For improving information reporting, the GAO made two separate recommendations to the IRS Commissioner:
- To revise the 2017 Information Returns Systems Modernization plans by evaluating changes in the environment, assessing risks to systems and programs, and detailing how the agency intends to address issues in the intake, processing, and use of information returns across business units; and
- To submit revised information returns system modernization plan to Congress that describes how it integrates with IRS’s broader information technology modernization efforts and the resources needed to achieve effective and timely modernization.
According to GAO, IRS neither agreed nor disagreed with these two related recommendations. However, the report notes that IRS will submit an Information Return System Modernization plan to Congress that leverages the 1099 Internet Platform required by section 2102 of the Taxpayer First Act as the foundation of information return modernization efforts.
As part of the agency’s broader modernization effort, “it is important that IRS can explain to Congress and other decision-makers the critical need to modernize the information reporting system,” the report notes. It’s also crucial that the IRS can explain the proposed scope, schedule, and resource requirements needed to implement such a project, GAO said.
Additionally, GAO found that the IRS continues to face capacity challenges with skills gaps in mission-critical enforcement staff.

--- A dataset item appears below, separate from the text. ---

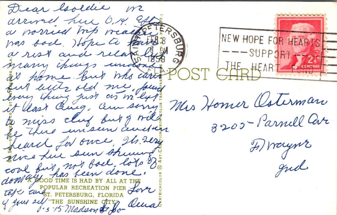 Vintage Postcard The Sunshine City Saint Petersburg Florida Posted 1958

Moreover, IRS continues to rely on expensive overtime payments to manage the unprecedented workloads for processing tax returns and assisting taxpayers.
GAO laid out two priority recommendations that would position IRS to identify the workforce needed for the future, address skills gaps, and use overtime efficiently to meet their objectives.
“The [IRS Commissioner] should fully implement the workforce planning initiative, including taking the following actions: conducting enterprise strategy and planning, conducting workforce analysis, creating a workforce plan, implementing the workforce plan, and monitoring and evaluating the results,” the report states.
The IRS agreed with this recommendation and has established a workforce plan, including an enterprise strategy, and initiated the associated workforce analysis needed to implement the initiative. As of March 2022, IRS has extended the full implementation of the plan to August 2022.